Overall, Llama 2 is a truly special animal that stands out from the rest of the herd. Its unique appearance, friendly personality, and

# Model + VectorDB = RAG (Langchain)

In [16]:
from langchain.llms import HuggingFacePipeline

llm = HuggingFacePipeline(pipeline=generate_text)

In [17]:
llm(prompt="what is so special about llama 2?")

'\n everybody loves llamas, but what makes llama 2 so unique?\n\nLlama 2 is a special breed of llama that has been bred for its unique characteristics. Unlike other llamas, Llama 2 has a distinctive spot on its forehead that resembles a small nose. This spot, known as a "nose spot," is a rare genetic trait that is found in only a small percentage of llamas.\nLlama 2\'s nose spot gives it a playful and friendly appearance, making it a favorite among llama enthusiasts.
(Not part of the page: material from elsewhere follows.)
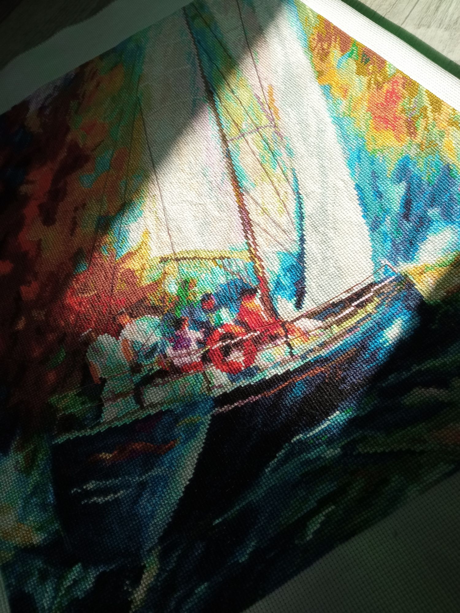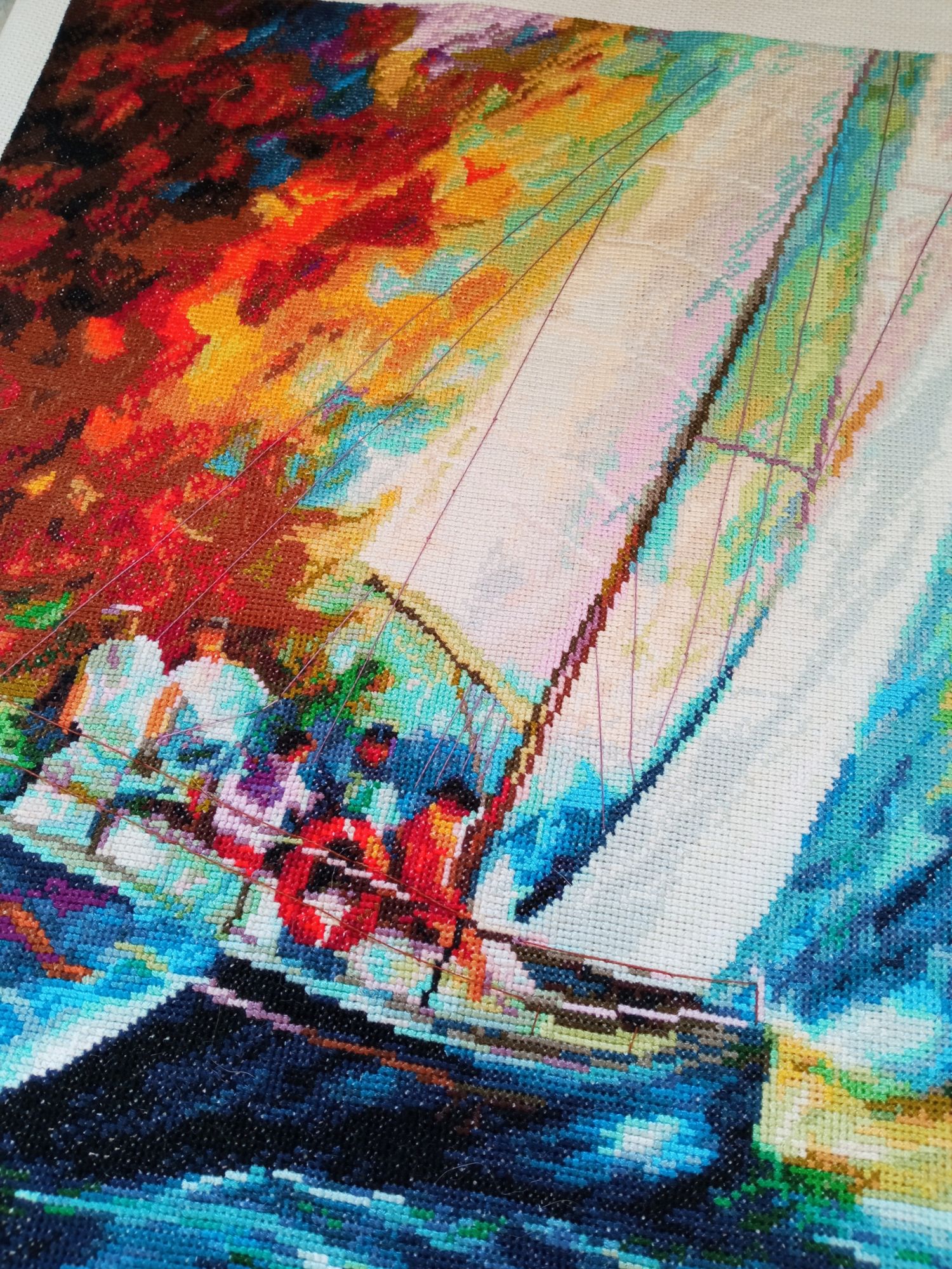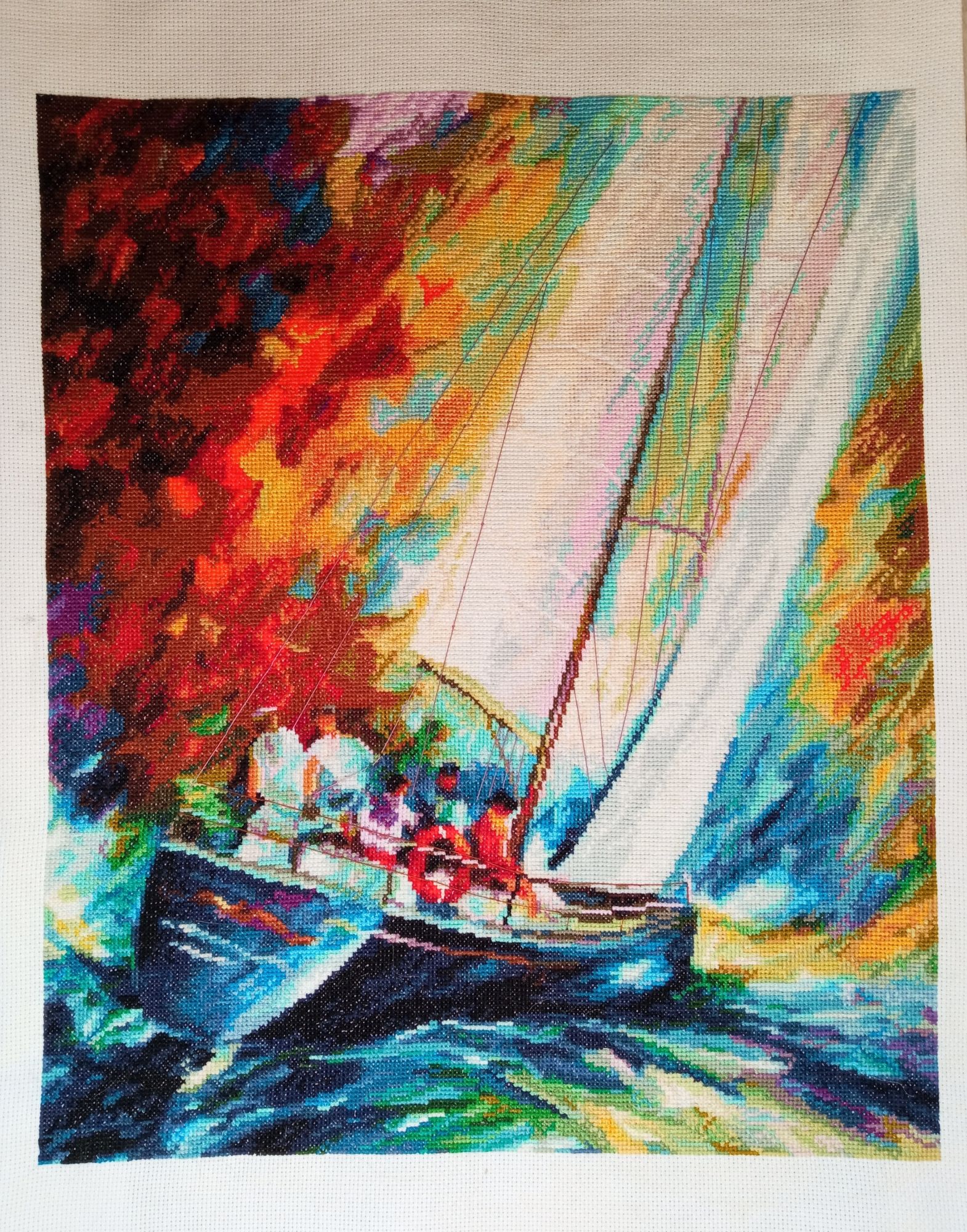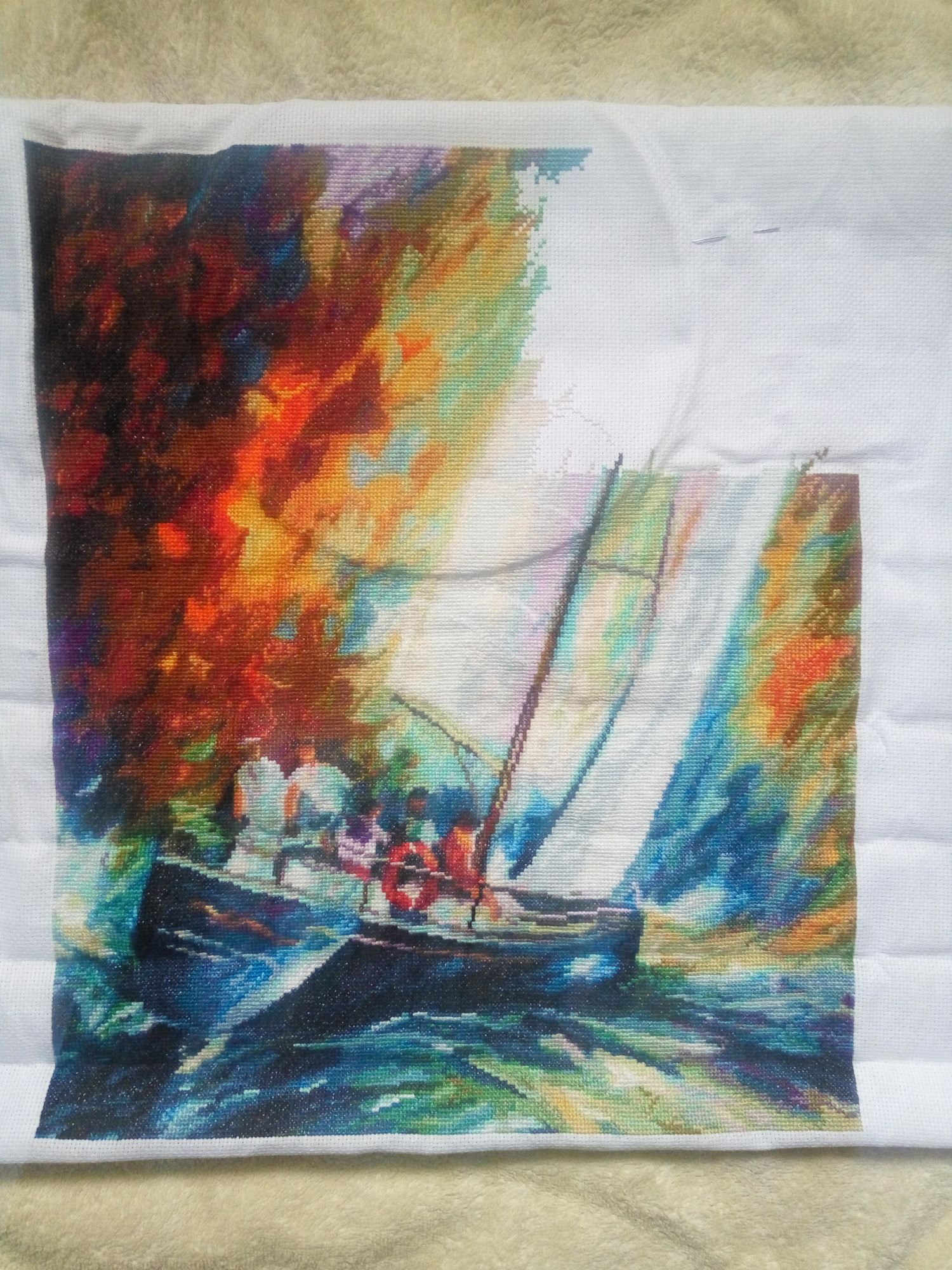 18 октября 2020 Привет. Я зеленить гаечку. Очень приятное занятие...особенно когда процессу семь лет исполнилось... Золотое руно, ММ-011 Парусник. Первое Золотое руно, купленное и начатое в 2013 году. Задумывалось как подарок хорошему человеку, который ассоциируется у меня с яркой жизнью, полной движения, скорости и ветра. Семь лет - это не потому что скучно или сложно. Потому что часто откладывала ради других, не менее интересных и любимых. Чудесный, яркий, не дающий унывать, отгоняющий хандру. Не могу назвать сложным, хотя да, много цветов, много группок по 2-3-5 крестиков. Парусник регулярно ездил со мной в Питер к Алисе, и очень продуктивно вышивался в поезде. В общем, с одной стороны облегчение, с другой - грусть, которой обычно не бывает у меня по окончании вышивки. Слишком он непохож на все остальные. Индивидуальность) Однозначно придется заводить еще одного Афремова)) Поняла, почему затрудняюсь с выбором следующего. В этом, помимо чудесных ярких красок, присутствует еще и драйв, в движении волны, в надутых рвущихся парусах, потому собственно его и выбрала. Остальные спокойные... В общем, финиш. И немножко осени. Ушла дошивать лошадей. Лена1973, Путешественница, solnishko-ym и 24 других сказали спасибо Поделиться сообщением Ссылка на сообщение
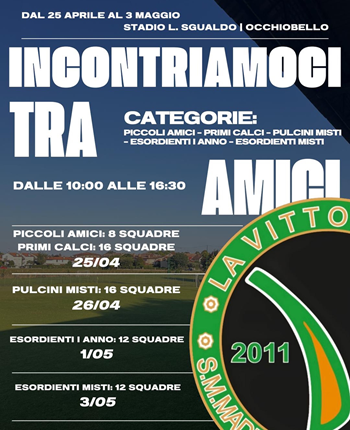 Sarà l’edizione numero dodici quella del torneo di calcio Incontriamoci tra amici organizzato dalla società La Vittoriosa e patrocinato dal Comune di Occhiobello. Nei giorni 25 e 26 aprile, 1 e 3 maggio, nello stadio di Occhiobello, si sfideranno…

The llama\'s soft, fluffy coat and gentle demeanor also contribute to its popularity.\nBut what really sets Llama 2 apart is its incredible intelligence. This llama is known to be highly curious and can solve complex problems with ease. It is also highly trainable and can learn a wide range of tasks, from pulling a cart to performing tricks.\nLlama 2\'s intelligence and friendly personality make it a joy to be around. Whether you\'re a seasoned llama owner or just a llama fan, this special breed is sure to capture your hea

In [18]:
from langchain.vectorstores import Chroma
from langchain.embeddings import OpenAIEmbeddings

from langchain.chat_models import ChatOpenAI
from langchain.chains import RetrievalQA
from langchain.embeddings.sentence_transformer import SentenceTransformerEmbeddings

In [30]:
embedding_function = SentenceTransformerEmbeddings(model_name="BAAI/bge-small-en-v1.5")
vectordb2 = Chroma(client=client,
                  collection_name = "ArxivPapers",
                  embedding_function=embedding_function,
                   )

retriever = vectordb2.as_retriever(search_kwargs={"k": 3})

# create the chain to answer questions
rag_pipeline = RetrievalQA.from_chain_type(llm=llm,
                                  chain_type="stuff",
                                  retriever=retriever,
                                  return_source_documents=True)

In [None]:
results = rag_pipeline('what is so special about llama 2?')

In [44]:
import textwrap

wrapped_text = textwrap.fill(results['result'], width=100)
print(f"Result: ", wrapped_text)

Result:   Llama 2 is a new language model that has been trained on a large corpus of text data and is
designed to be used for a variety of natural language generation tasks, including chatbots, language
translation, and text summarization. It is intended for use in commercial and research settings, and
its developers have taken steps to ensure that it is safe and reliable. However, as with any
language model, there are potential risks and limitations associated with its use, and developers
should perform safety testing and tuning tailored to their specific applications of the model.